The Court of Pleas and Quarter Sessions had dual responsibilities; it performed judicial as well as administrative functions. The administrative duties of the justices of the peace included the assessing and levying of taxes; the establishing and maintaining of roads, bridges, and ferries; the granting of licenses to taverns and controlling the prices charged for food; and the erecting and controlling of mills. Through their power of appointment, justices supervised the work of the law enforcement officers, the administrative officers of the court, the surveyor, and the wardens of the poor. Taxes were collected by the sheriff.

In its judicial capacity, the Court of Pleas and Quarter Sessions heard civil cases (except those assigned by law to a single justice or to a higher court). The court was responsible for probate, dower, guardianships, and the administration of estates and had jurisdiction in criminal cases in which the punishment did not extend to life, limb, or member.

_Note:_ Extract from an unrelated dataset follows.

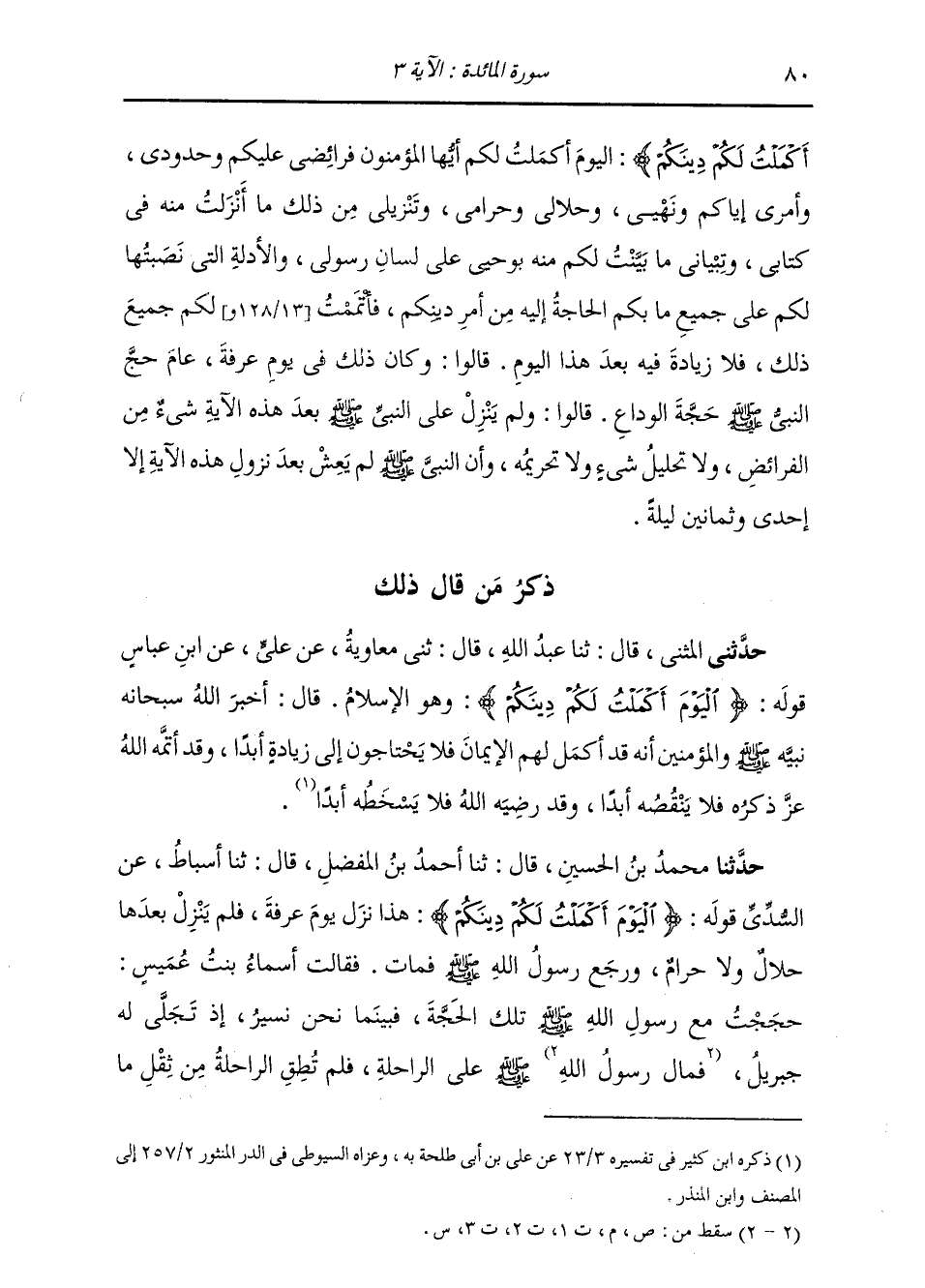 أَكْمَلْتُ لَكُمْ دِينَكُمْ} [المائدة: 3] الْيَوْمَ أَكْمَلْتُ لَكُمْ أَيُّهَا الْمُؤْمِنُونَ فَرَائِضِي عَلَيْكُمْ وَحُدُودِي , وَأَمْرِي إِيَّاكُمْ وَنَهْيِي , وَحَلَالِي وَحَرَامِي , وَتَنْزِيلِي مِنْ ذَلِكَ مَا أَنْزَلْتُ مِنْهُ فِي كِتَابِي , وَتِبْيَانِي مَا بَيَّنْتُ لَكُمْ مِنْهُ بِوَحْيِي عَلَى لِسَانِ رَسُولِي , وَالْأَدِلَّةُ الَّتِي نَصَبْتُهَا لَكُمْ عَلَى جَمِيعِ مَا بِكُمُ الْحَاجَةُ إِلَيْهِ مِنْ أَمْرِ دِينِكُمْ , فَأَتْمَمْتُ لَكُمْ جَمِيعَ ذَلِكَ , فَلَا زِيَادَةَ فِيهِ بَعْدَ هَذَا الْيَوْمِ. قَالُوا: وَكَانَ ذَلِكَ فِي يَوْمِ عَرَفَةَ , عَامَ حَجِّ النَّبِيِّ صَلَّى اللهُ عَلَيْهِ وَسَلَّمَ حَجَّةَ الْوَدَاعِ. وَقَالُوا: لَمْ يَنْزِلْ عَلَى النَّبِيِّ صَلَّى اللهُ عَلَيْهِ وَسَلَّمَ بَعْدَ هَذِهِ الْآيَةِ شَيْءٌ مِنَ الْفَرَائِضِ وَلَا تَحْلِيلُ شَيْءٍ وَلَا تَحْرِيمُهُ , وَإِنَّ النَّبِيَّ صَلَّى اللهُ عَلَيْهِ وَسَلَّمَ لَمْ يَعِشْ بَعْدَ نُزُولِ هَذِهِ الْآيَةِ إِلَّا إِحْدَى وَثَمَانِينَ لَيْلَةً

The county itself was a single political unit; there were no townships; and the Court of Pleas and Quarter Sessions, through its appointive and administrative powers, exerted strong control over county affairs. However, it should be emphasized that at this time the voters had no direct control over the court and thus no direct control over county government. Such was the situation until the end of the Civil War.

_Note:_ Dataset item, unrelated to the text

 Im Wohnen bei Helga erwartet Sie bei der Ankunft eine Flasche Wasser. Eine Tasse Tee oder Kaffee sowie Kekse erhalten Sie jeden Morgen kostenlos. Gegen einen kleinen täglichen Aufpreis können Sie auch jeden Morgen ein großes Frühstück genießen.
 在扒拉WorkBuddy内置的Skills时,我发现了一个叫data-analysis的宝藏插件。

When the Constitution of North Carolina was rewritten in 1868, the drafters, many of whom were acquainted with local government systems in other parts of the country, devised a new and more democratic plan of organization for the counties.

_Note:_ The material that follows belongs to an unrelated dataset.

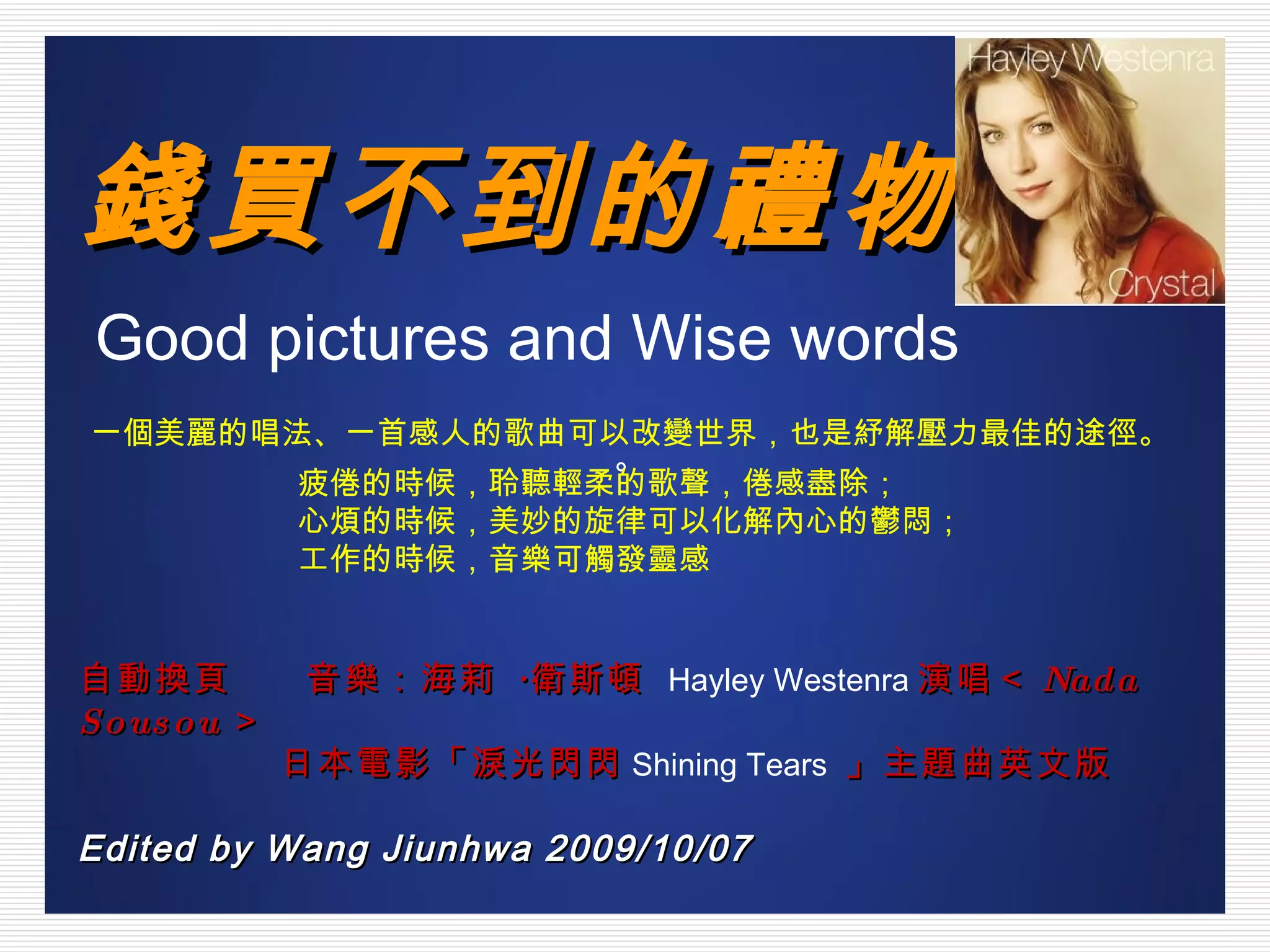 錢買不到的禮物 自動換頁 音樂:海莉 · 衛斯頓 Hayley Westenra 演唱< Nada Sousou > 日本電影「淚光閃閃 Shining Tears 」主題曲英文版 Edited by Wang Jiunhwa 2009/10/07 Good pictures and Wise words 。 。 一個美麗的唱法、一首感人的歌曲可以改變世界,也是紓解壓力最佳的途徑。 疲倦的時候,聆聽輕柔的歌聲,倦感盡除; 心煩的時候,美妙的旋律可以化解內心的鬱悶; 工作的時候,音樂可觸發靈感

Although the position of justice of the peace was retained, the old Court of Pleas and Quarter Sessions was eliminated. Its judicial responsibilities were distributed between the justices and the North Carolina Superior Court. Its administrative work was assigned to a board of county commissioners composed of five members elected at large by the voters of the county. The county commissioners were made responsible for public buildings, schools, roads and bridges, and the financial affairs of the county, including taxation. The wide appointive powers of the Court of Pleas and Quarter Sessions were not transferred to the board of county commissioners. Instead, the voters of the county elected the sheriff, coroner, clerk of court, register of deeds, surveyor, and treasurer. The sheriff continued to serve as tax collector.

Each county was divided into townships - a distinct innovation - and the voters of each township elected two justices of the peace and a clerk who served as the governing body of the township. Under the county commissioner's supervision, the township board was responsible for roads and bridges and for the assessment of property for taxation. Each township had a constable and each had a school committee.

This long ballot system was consciously constructed to favor the Republican Party. The support of this party lay in the newly enfranchised blacks who had been slaves only three years before, from native whites of small means who had opposed secession and remained loyal to the Union throughout the Civil War, and from a relatively small number of prominent citizens who believed that the state's shattered fortunes could be recovered only through cooperation and understanding between the races and accommodation with the dominant national political party. The ballot was intended to destroy forever the political power of the landowners, professional people, and merchants who had dominated state government, and thus local government under the old system, for nearly a century. Although most of the people were disenfranchised by the Fourteenth Amendment to the Constitution of the United States because they had "engaged in insurrection or rebellion against the United States, or given aid or comfort to the enemies thereof by actively supporting the Confederacy, they formed a new political party called the Conservative Party devoted to restoring as much of the pre-war social and governmental system as was possible under the circumstances. The new system of county government contained in the Constitution of 1868 became one of their targets.

Seven years after the Constitution of 1868 established the county commissioners and township systems, political control shifted to the conservatives. At a constitutional convention in 1875, the Constitution of North Carolina was amended to authorize the General Assembly to modify the plan of county government established in 1868. The legislature was quick to exercise its authority in this matter. The board of county commissioners was not abolished, but members were to be chosen by the justices of the peace of the county rather than by the people at large. While the commissioners retained their responsibilities, decisions on matters of substance could not be put into effect without the concurrence of a majority of the justices - all of whom were elected by the legislature. The justices were made responsible for conducting all elections. In more than a few counties, the board of commissioners was also made subject to legislative appointment.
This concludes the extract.